Jumat, 26 September 2014

Bidadari Dalam Gerobak





Suara gerobak kayu tuaku terdengar sangat fasih, mengukir setiap jejak di tanah pemakaman, aku menatap langit yang mulai gelap, nampaknya hujan akan turun. Aku menatap batu nisan yang bertuliskan YAYU BINTI SUKARJO, angin mengingatkanku pada sosok bidadari kecil yang selalu berlari di depan gerobak, dia selalu tertawa ketika angin menyibak rambut panjangnya. Yayu, ya.. itu nama bidadari kecilku, gadis kecil berumur lima tahun yang ajaib, meskipun umurnya sangat muda dia sangat mengerti dengan keadaan. Dia tak pernah sedikitpun rewel karena perut lapar atau tenggorokannya yang kehausan. Aku sangat menyayanginya, suaranya yang masih menggemaskan selalu terngiang-ngiang di telingaku. Sakit rasanya ketika aku mengenang kembali bidadari kecilku.

Memoriku kembali pada dua bulan yang lalu ketika putri kecilku mulai terserang batuk dan pilek. Aku sangat bingung dengan keadaan putriku yang semakin parah, uang untuk makan pun aku tak punya sepeser pun. Yang aku ingat adalah kata kata putriku ketika ia merasa kedinginan dan mungkin sakitnya mulai sulit untuk dilawannya, dia selalu berkata.

“pak, peluk aku dan jangan tinggalin aku.”

Aku hanya bisa memeluk dan mengecup keningnya, hingga sampai pada hari itu, tubuhnya mengejang hebat, badannya dibanjiri keringat dingin sedangkan suhunya sangat panas. Aku tak kuasa melihat keadaan putri kecilku seperti ini, hingga aku beranikan diri untuk mencari pertolongan, dari mulai posyandu, puskesmas dan rumah sakit aku datangi, tapi apa hasilnya, nihil.

Akhirnya aku bawa dia ke dalam mushola, dan aku meminta kepada Alloh untuk berhenti memberikan sakit kepada putri kecilku. Aku kembali menggendong putriku dan kembali memasukannya ke dalam gerobak. Terdengar suara putriku di sela-sela tangis dalam doaku.

“(tersenyum) pak, terimakasih, Yayu cape mau bobo aja, bapak jangan tinggalin Yayu yah, allooh..!” hembusan nafasnya begitu panjang dan terhenti.

Aku tercengang menyaksikan putriku Yayu menghembuskan nafas terakhirnya di gerobak, tepatnya di antara kardus dan botol rongsokan.
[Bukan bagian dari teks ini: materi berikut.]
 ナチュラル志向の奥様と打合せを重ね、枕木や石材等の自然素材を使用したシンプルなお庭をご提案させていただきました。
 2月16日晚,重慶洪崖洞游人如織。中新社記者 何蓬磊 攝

Tak terasa air mataku terus membanjiri pipiku, aku memeluk erat bidadari mungilku, aku terus berbisik di telinganya yang mulai terasa dingin melebihi es, aku berbisik meminta maaf karena tidak bisa menjaga dan merawat anakku dengan baik.
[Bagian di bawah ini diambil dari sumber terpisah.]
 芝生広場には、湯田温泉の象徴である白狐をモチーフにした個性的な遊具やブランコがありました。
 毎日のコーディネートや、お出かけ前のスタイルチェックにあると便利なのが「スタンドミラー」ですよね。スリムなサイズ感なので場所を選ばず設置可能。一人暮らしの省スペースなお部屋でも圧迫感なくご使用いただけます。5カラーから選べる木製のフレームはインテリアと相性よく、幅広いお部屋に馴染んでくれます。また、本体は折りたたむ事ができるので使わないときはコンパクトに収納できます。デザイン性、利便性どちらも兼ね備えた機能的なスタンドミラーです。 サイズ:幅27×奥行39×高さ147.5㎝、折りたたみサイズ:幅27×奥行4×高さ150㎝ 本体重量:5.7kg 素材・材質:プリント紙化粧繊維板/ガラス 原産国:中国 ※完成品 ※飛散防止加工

Aku menggendong anakku dan meletakannya di dalam gerobak kesayangannya. Aku berjalan dengan pandangan kosong, sesekali aku melihat tubuh mungil yang tergeletak di antara kardus kardus yang kini tak bernyawa, sungguh hatiku menjerit protes terhadap dunia.

Aku memang bukan asli orang ibu kota. Aku merantau dari jawa oleh karena itu aku tak bisa kembali ke tanah kelahiranku dan tanah kelahiran Yayu. Aku berjalan menuju rumah sakit, berharap ada pertolongan yang datang untuk membawa putriku ke jawa. Belum sempat aku mengutarakan keinginanku satpam di rumah sakit itu sudah mengusirku, mungkin mereka mengira aku akan meminta sumbangan.

Aku berteriak di sepanjang jalan, aku bingung, bagaimana cara menguburkan anakku, sementara matahari mulai beristirahat di upuk barat. Ku hentikan langkah kaki, aku menggendong tubuh mungil yang kian membeku, aku menangis sambil terus menciumi tubuh anakku, orang orang memerhatikanku, aku tak peduli dengan ribuan sorot mata di jalanan itu.

Angin malam semakin membuatku menggigil, aku memeluk jasad putriku. Di depan emperan toko akhirnya aku tertidur dengan jasad putriku. Kicau mesin di langit ibu kota membangunkanku pagi itu, mataku kembali memandang jasad anakku yang mulai membiru, air mataku kembali menitik.

Jasad mungil itu ku masukan kembali ke dalam gerobak, ku tutupi tubuhnya dengan samping yang memang sudah koyak. Langkah kakiku menuju stasiun kereta, aku berniat untuk mengendap endap menaiki kereta jurusan surabaya. Akhirnya perjuanganku tidak sia-sia, aku berhasil masuk dan diam di gerbong paling belakang.

Bertapa terkejutnya aku ketika petugas menemukanku dengan posisi memeluk jasad anakku. Petugas itu menanyakan tiket keberangkatan, aku hanya menggelengkan kepala.

“(menunjuk pada jasad anakku) apa itu?” tanya petugas dan mulai menyentuh kain yang menutup tubuh Yayu kecilku.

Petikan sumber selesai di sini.